→ AIM OF THE EXERCISE: Your reply should reproduce each line below exactly and carry none of the pictures.

→ INFORMATION SUPPLIED:
◆ ◆ ◆ ◆ ◆
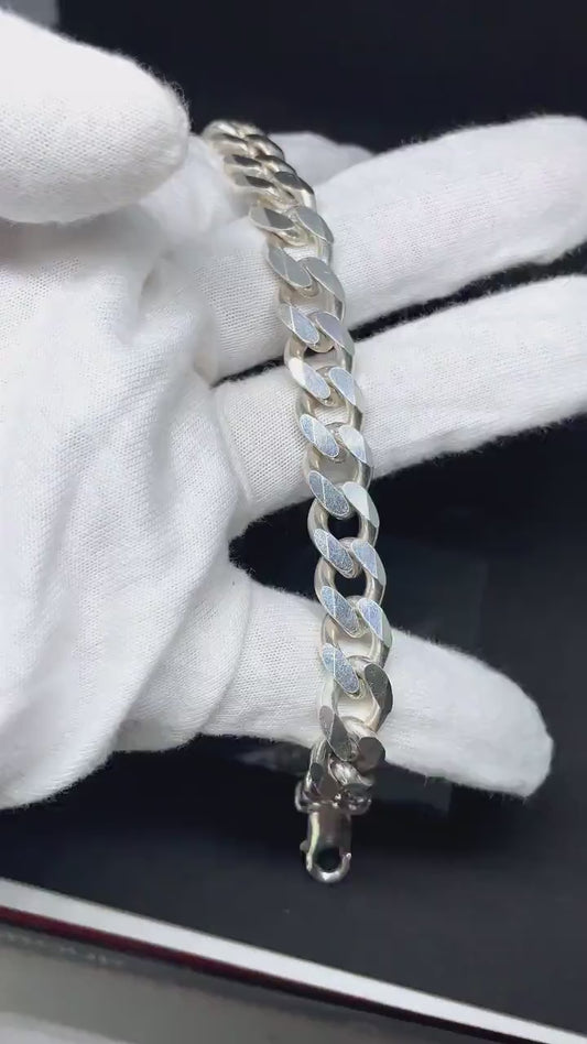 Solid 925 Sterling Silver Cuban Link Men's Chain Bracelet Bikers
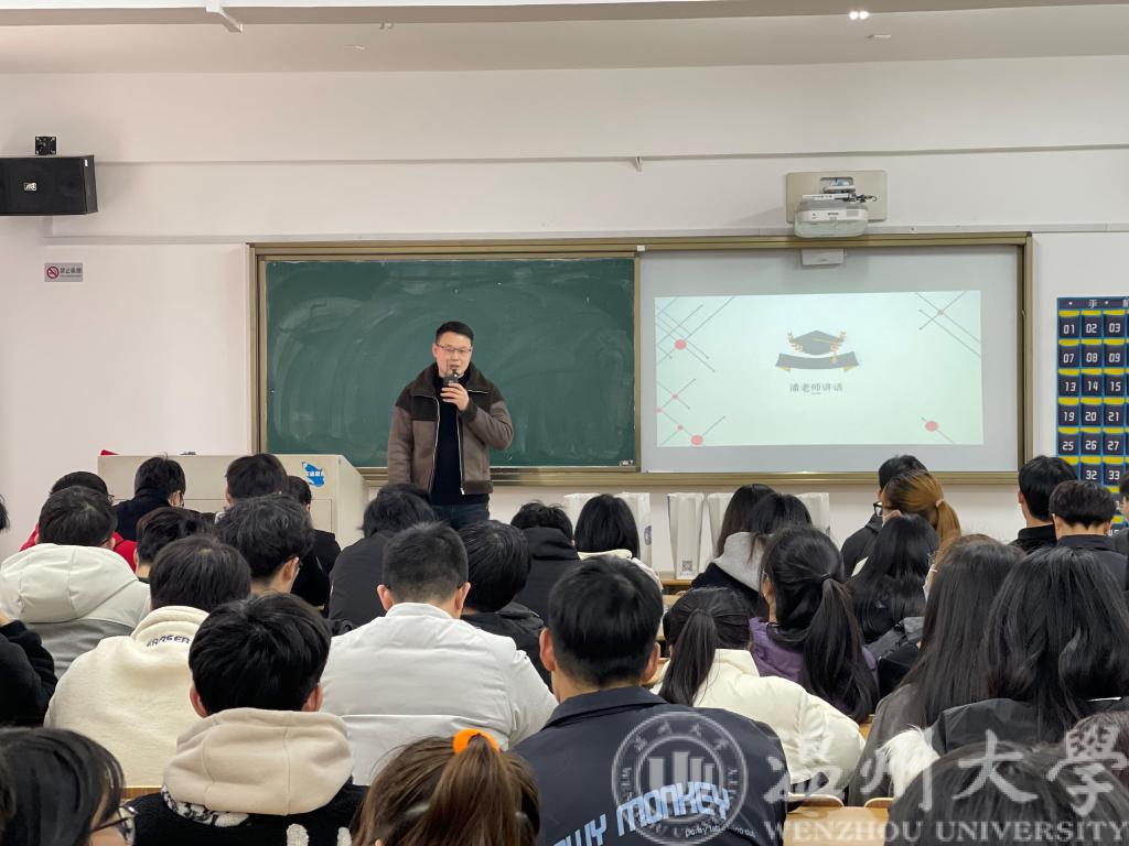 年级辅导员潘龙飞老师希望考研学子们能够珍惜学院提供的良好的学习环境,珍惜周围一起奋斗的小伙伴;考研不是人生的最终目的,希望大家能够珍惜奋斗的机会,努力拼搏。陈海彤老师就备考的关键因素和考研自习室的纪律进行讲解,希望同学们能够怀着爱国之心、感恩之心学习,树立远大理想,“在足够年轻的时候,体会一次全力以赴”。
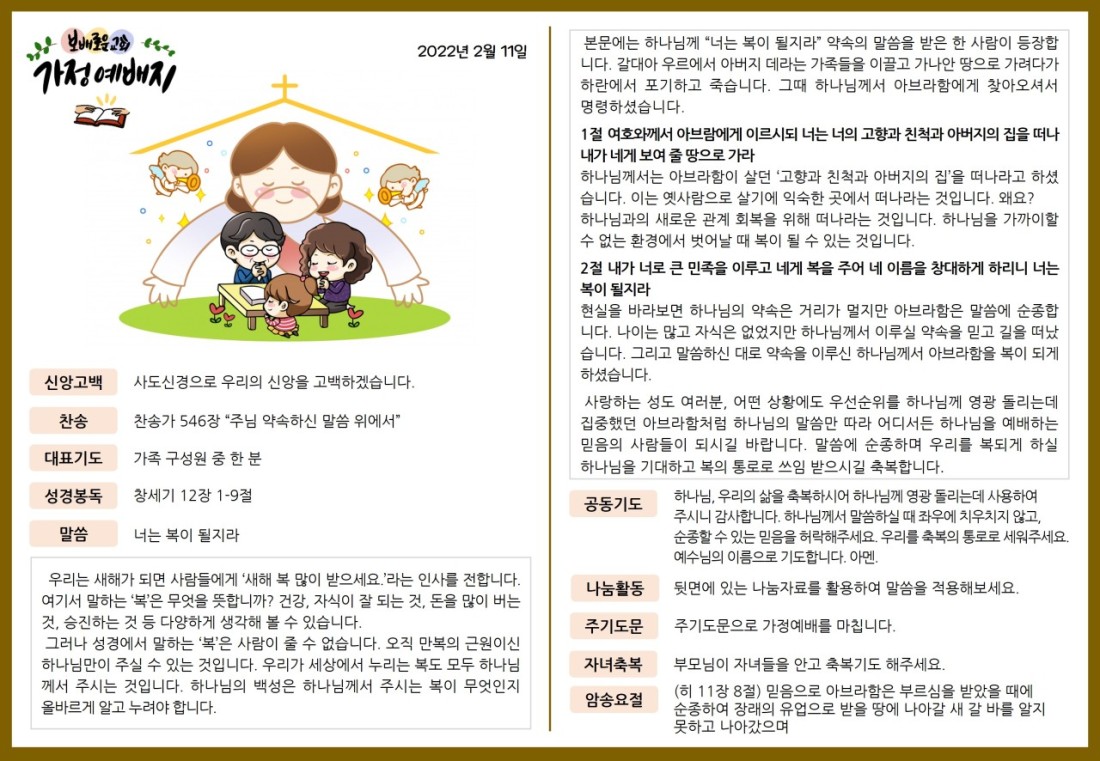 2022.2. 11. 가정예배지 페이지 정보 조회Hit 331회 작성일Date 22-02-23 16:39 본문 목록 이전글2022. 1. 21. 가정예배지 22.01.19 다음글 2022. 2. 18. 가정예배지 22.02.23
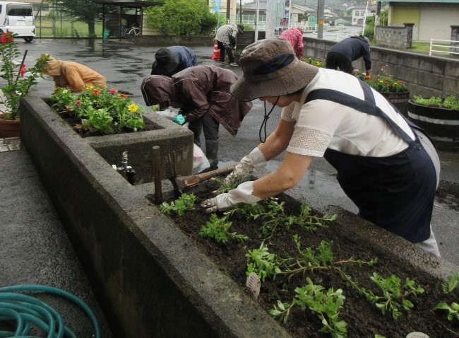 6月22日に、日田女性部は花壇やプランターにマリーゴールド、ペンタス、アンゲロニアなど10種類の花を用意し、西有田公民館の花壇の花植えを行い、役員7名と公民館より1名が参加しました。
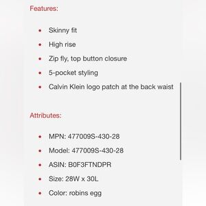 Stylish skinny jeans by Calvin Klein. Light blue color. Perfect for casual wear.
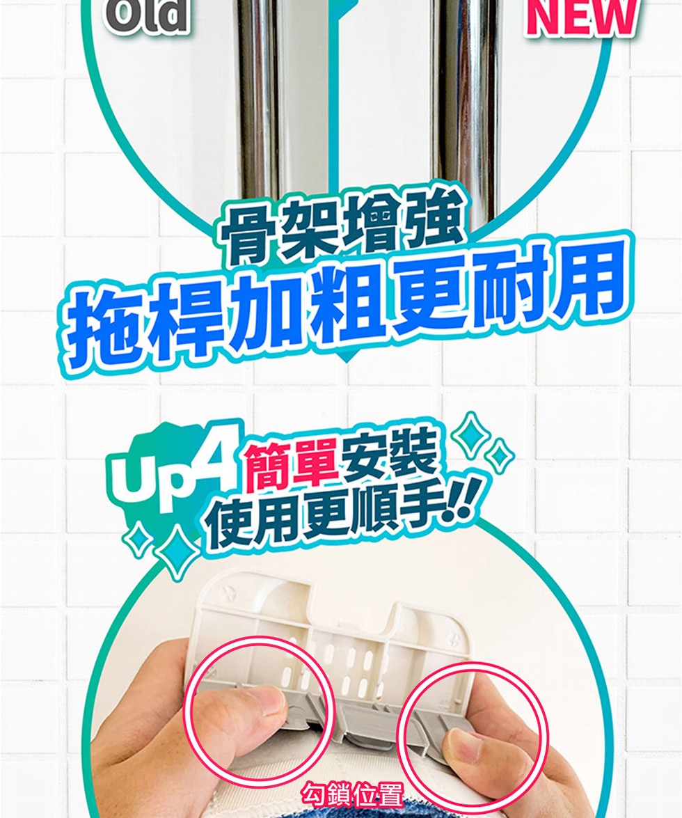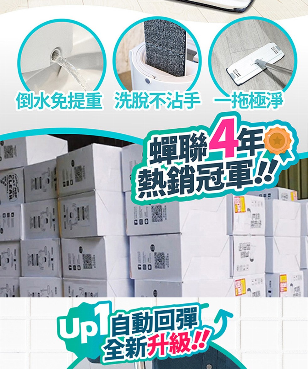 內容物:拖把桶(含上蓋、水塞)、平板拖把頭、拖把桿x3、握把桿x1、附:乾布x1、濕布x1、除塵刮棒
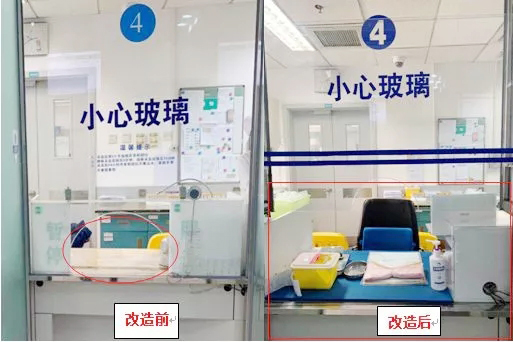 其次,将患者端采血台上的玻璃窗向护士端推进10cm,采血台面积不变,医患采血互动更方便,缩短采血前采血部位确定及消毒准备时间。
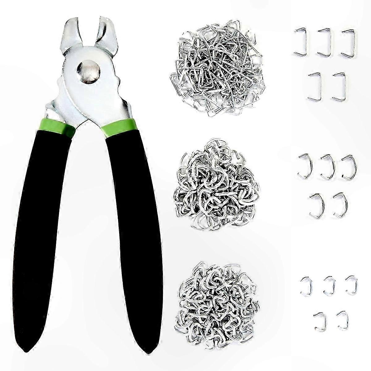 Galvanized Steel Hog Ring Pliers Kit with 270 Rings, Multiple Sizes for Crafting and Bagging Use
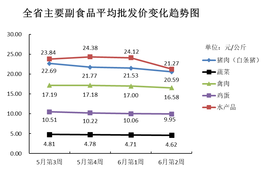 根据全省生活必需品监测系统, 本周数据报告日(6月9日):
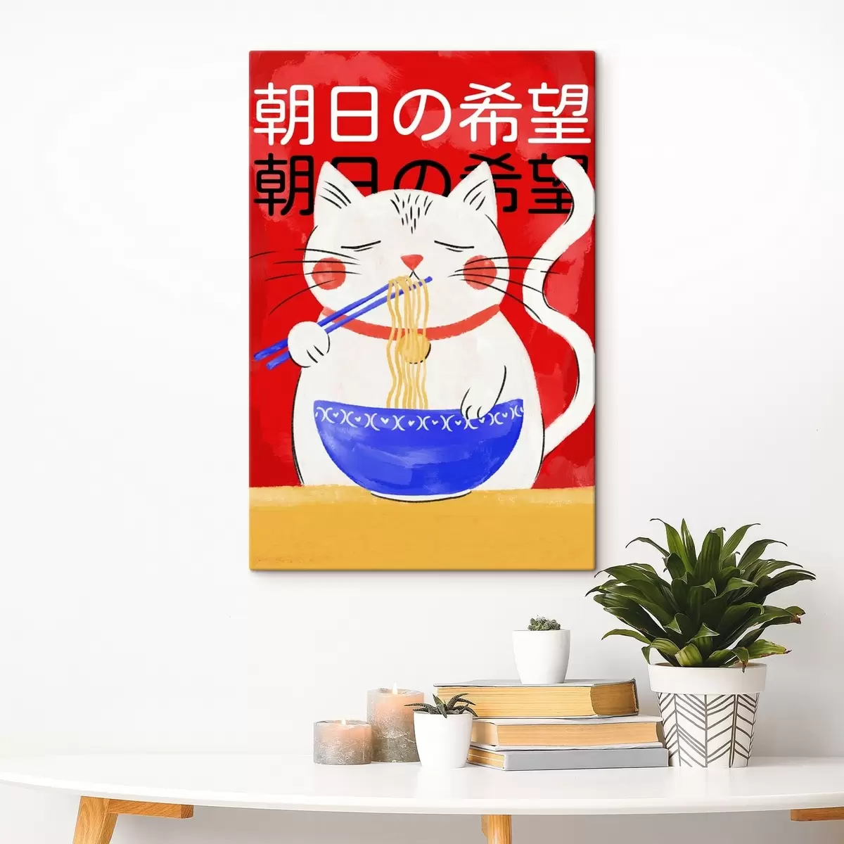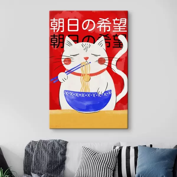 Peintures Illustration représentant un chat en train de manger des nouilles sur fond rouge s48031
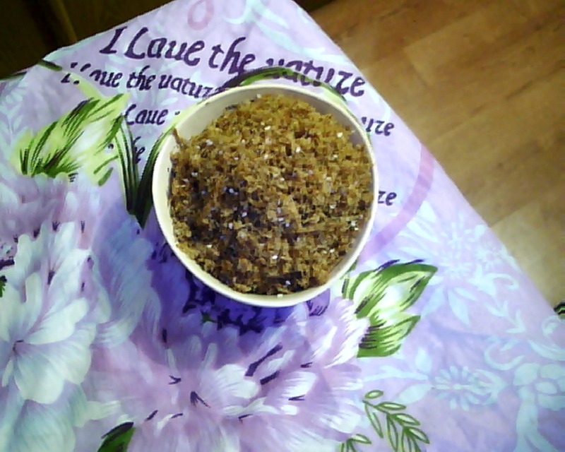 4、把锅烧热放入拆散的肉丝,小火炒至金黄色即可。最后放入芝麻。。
◆ ◆ ◆ ◆ ◆
→ YOUR SOLUTION:
 Solid 925 Sterling Silver Cuban Link Men's Chain Bracelet Bikers
 年级辅导员潘龙飞老师希望考研学子们能够珍惜学院提供的良好的学习环境,珍惜周围一起奋斗的小伙伴;考研不是人生的最终目的,希望大家能够珍惜奋斗的机会,努力拼搏。陈海彤老师就备考的关键因素和考研自习室的纪律进行讲解,希望同学们能够怀着爱国之心、感恩之心学习,树立远大理想,“在足够年轻的时候,体会一次全力以赴”。
 2022.2. 11. 가정예배지 페이지 정보 조회Hit 331회 작성일Date 22-02-23 16:39 본문 목록 이전글2022. 1. 21. 가정예배지 22.01.19 다음글 2022. 2. 18. 가정예배지 22.02.23
 6月22日に、日田女性部は花壇やプランターにマリーゴールド、ペンタス、アンゲロニアなど10種類の花を用意し、西有田公民館の花壇の花植えを行い、役員7名と公民館より1名が参加しました。
 Stylish skinny jeans by Calvin Klein. Light blue color. Perfect for casual wear.
 內容物:拖把桶(含上蓋、水塞)、平板拖把頭、拖把桿x3、握把桿x1、附:乾布x1、濕布x1、除塵刮棒
 其次,将患者端采血台上的玻璃窗向护士端推进10cm,采血台面积不变,医患采血互动更方便,缩短采血前采血部位确定及消毒准备时间。
 Galvanized Steel Hog Ring Pliers Kit with 270 Rings, Multiple Sizes for Crafting and Bagging Use
 根据全省生活必需品监测系统, 本周数据报告日(6月9日):
 Peintures Illustration représentant un chat en train de manger des nouilles sur fond rouge s48031
 4、把锅烧热放入拆散的肉丝,小火炒至金黄色即可。最后放入芝麻。。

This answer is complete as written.